Paul Flynn was a champion in the fight against nuclear power

Paul Flynn, protesting with steelworkers outside parliament in 2016 to maintain pressure on the government to help the UK’s beleaguered steel industry.
Paul Flynn, protesting with steelworkers outside parliament in 2016 to maintain pressure on the government to help the UK’s beleaguered steel industry. Photograph: Alamy Stock Photo

Paul Flynn (obituary, 21 February) had a huge range of causes, often championing minority issues where others feared to tread, such as legalising cannabis and supporting the troops returning from overseas wars in Afghanistan, Iraq and Syria, and the families of the fallen in these wars, which he opposed.
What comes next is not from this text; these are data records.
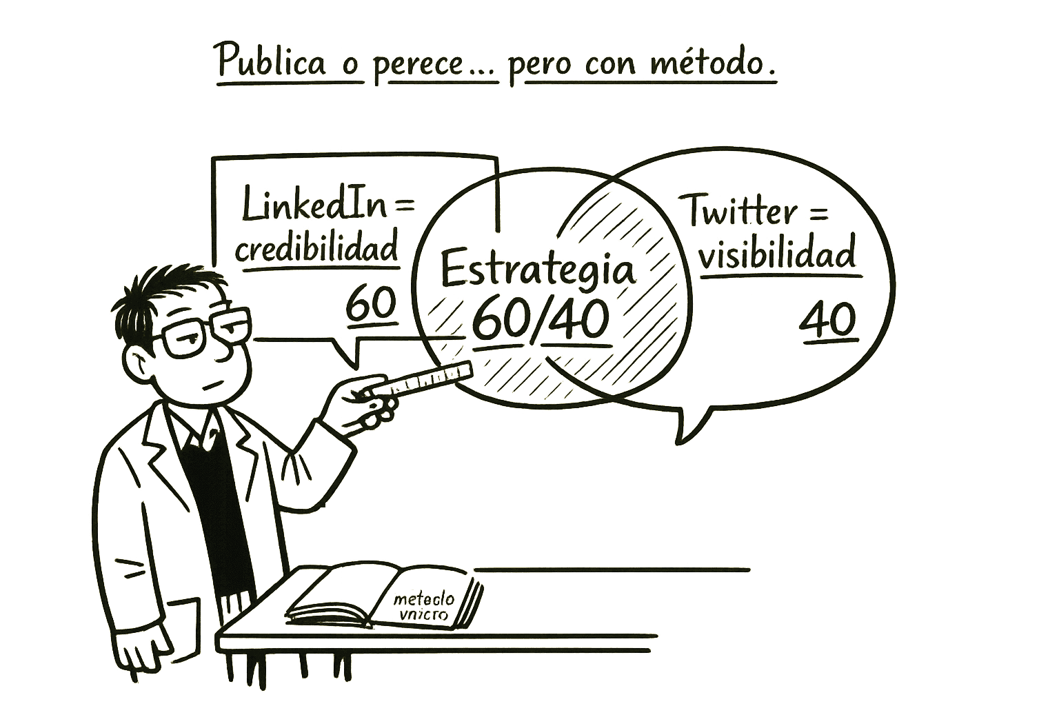 Analiza ventajas y limitaciones de LinkedIn y Twitter para investigadores y propone una estrategia híbrida 60/40 para maximizar visibilidad y credibilidad.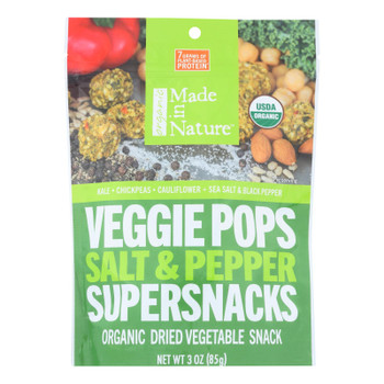 - The manufacturer of Veggie Pops Salt & Pepper Organic Dried Vegetable Snack is Made In Nature.
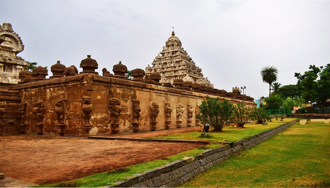 The Kanchi Kailasanathar temple is the oldest structure in Kanchipuram. Located in Tamil Nadu, India, it is a Hindu temple in the Tamil architectural style. It is dedicated to the Lord Shiva, and is known for its historical importance. The temple was built from 685-705 AD by a Rajasimha ruler of the Pallava Dynasty.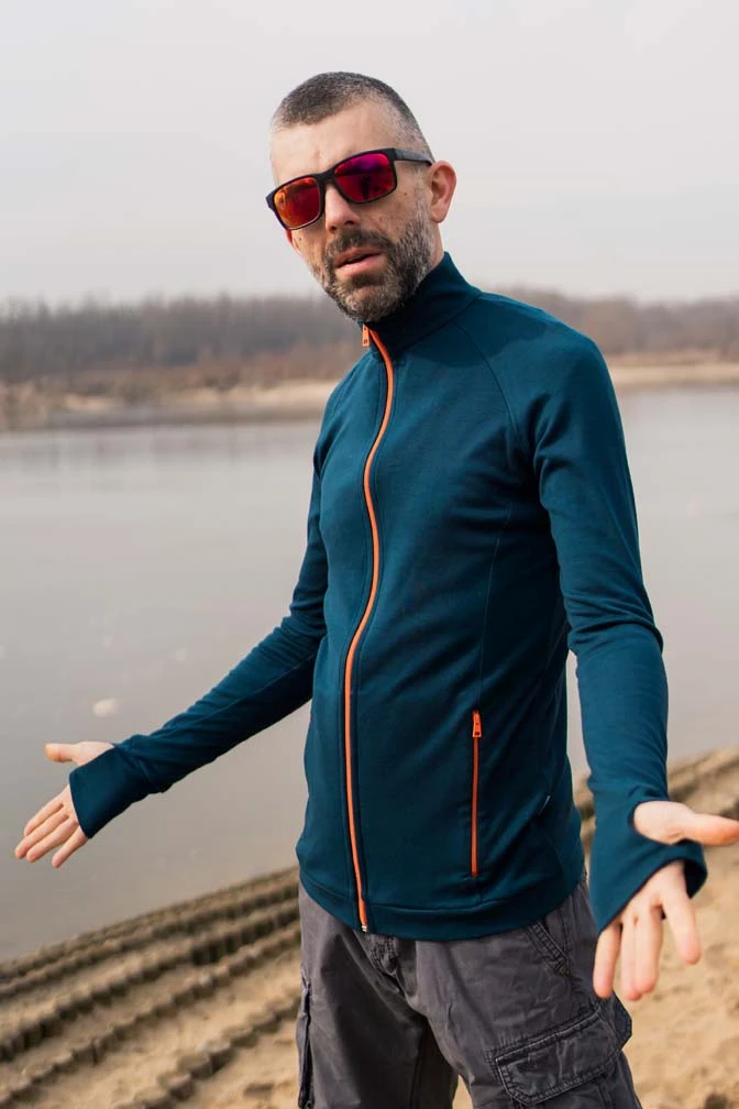 Do bluzy idealnie pasują spodnie dresowe wykonane z tego samego materiału 100% merino. Pod spód polecamy założyć koszulkę z cienkiej wełny o gramaturze 135 gr.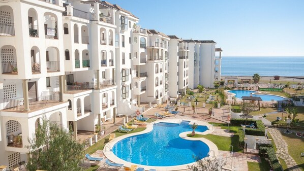 Overlooking the ocean and two communal pools, this beachfront apartment offers a relaxing retreat. Unwind on the sun-kissed terrace or stroll to the nearby marina. With air conditioning, a fully fitted kitchen, and WiFi in communal areas, you're sure to feel at ease.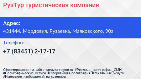 РузТур, туристическая компания по адресу 431444, Мордовия, Рузаевка, Маяковского, 90а в дальнейшем Организация, размещена в следующих категориях: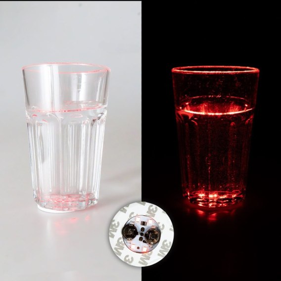 Podświetlenie LED w formie naklejki to efektowny gadżet, który zmienia zwykłą szklankę, kieliszek lub butelkę w świecący element dekoracyjny. Po przyklejeniu do dna naczynia i włączeniu, diody LED rozświetlają napój intensywnym światłem - idealnym na imprezy, Halloween, wieczory tematyczne czy eventy.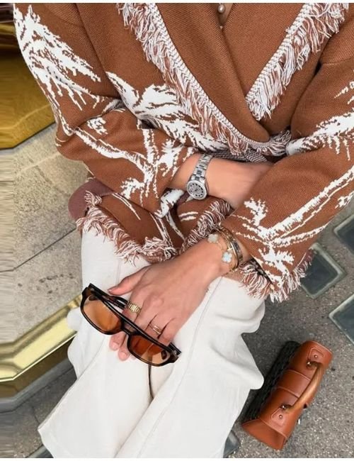 This Tassel Patchwork V Neck Cardigan Sweater is ideal for women looking for a stylish yet practical wardrobe staple. Whether you’re enjoying a coffee date, running errands, or heading to a casual office setting, it brings effortless elegance to every occasion.
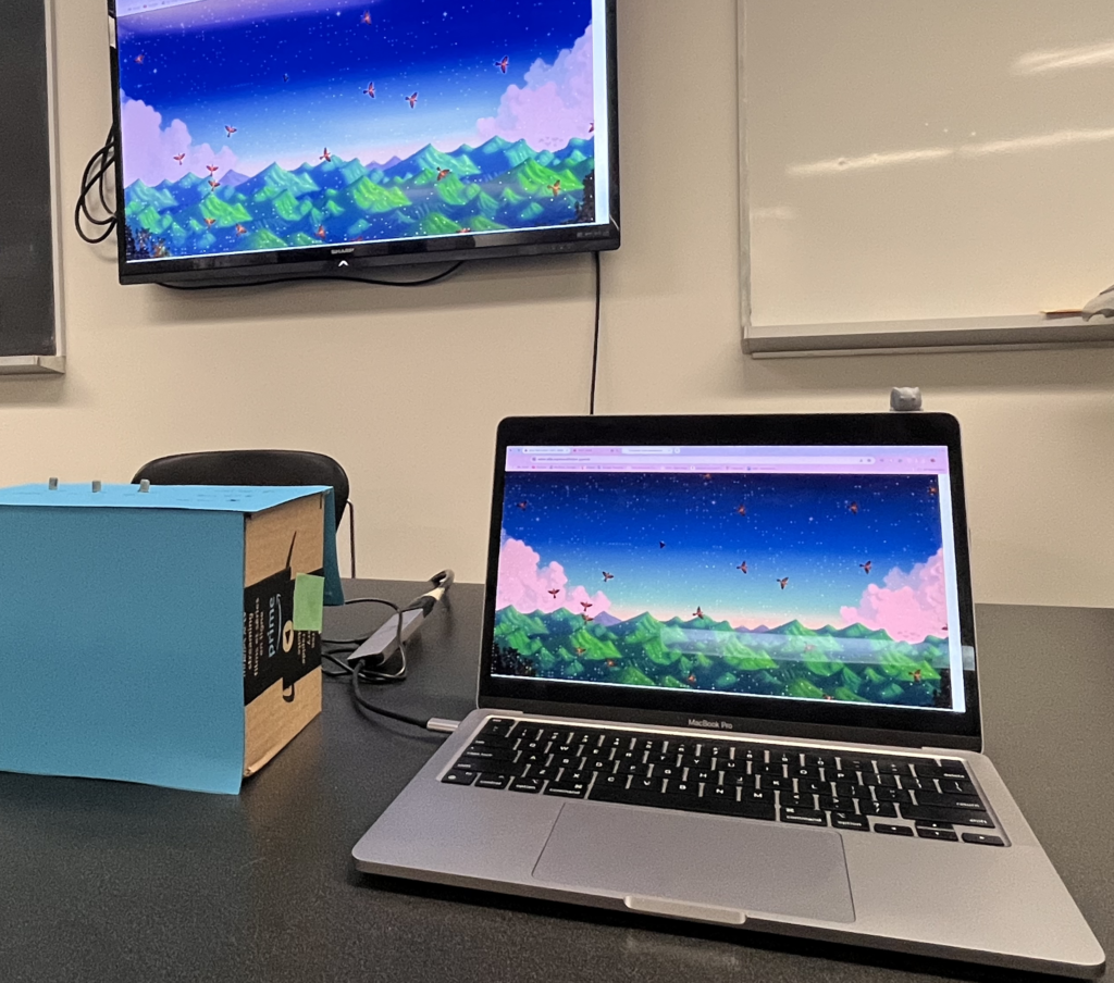 Nostalgic Noisefield is an interactive artwork that blends digital artwork, natural movement, and DIY sensibilities into a single immersive experience. The piece uses a flocking algorithm to generate bird-like forms that navigate across a digital mountainscape where order and chaos coexist. Viewers can control hue, blur, spacing, and flock size through physical potentiometers and buttons, making them active participants in shaping the system rather than passive observers. Inspired by nostalgia, analog textures, Nam Jun Paik’s soft visual style, Stardew Valley’s cozy atmosphere, and the dynamics of basketball movement, the project repurposes familiar elements into something new. It also engages with the class theme “DIY, Fix, Remake” as we repurposed many different materials and elements to be used in our project. Together, the visuals, sound, and interactivity create a calm, reflective, and playful digital environment.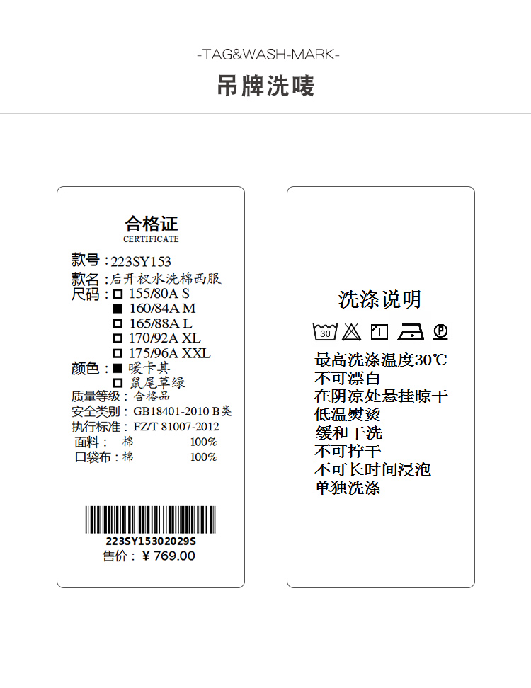 后开衩水洗棉西服223SY153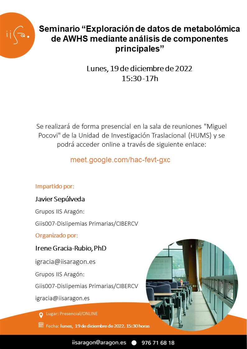 El próximo Lunes, 19 de diciembre de 2022 a las 15:30 h tendrá lugar el Seminario Científico “Exploración de datos de metabolómica de AWHS mediante análisis de componentes principales»

The issue on which I worked most with Paul was nuclear power and weapons dangers, costs and secrecy. According to the Parliamentary Archives database, Paul asked 1,410 parliamentary questions on nuclear issues during his time as an MP. Indeed his first three questions as an MP (in July 1987) were posed on nuclear safety. He opposed the Hinkley C plant in Somerset, opposite his constituency across the Bristol Channel, to the end, and insisted the plans for new nuclear plants in Wales at Wylfa and a small modular reactor at Trawsfynydd were expensive white elephants, while backing “clean, green eternal” tidal power to the last.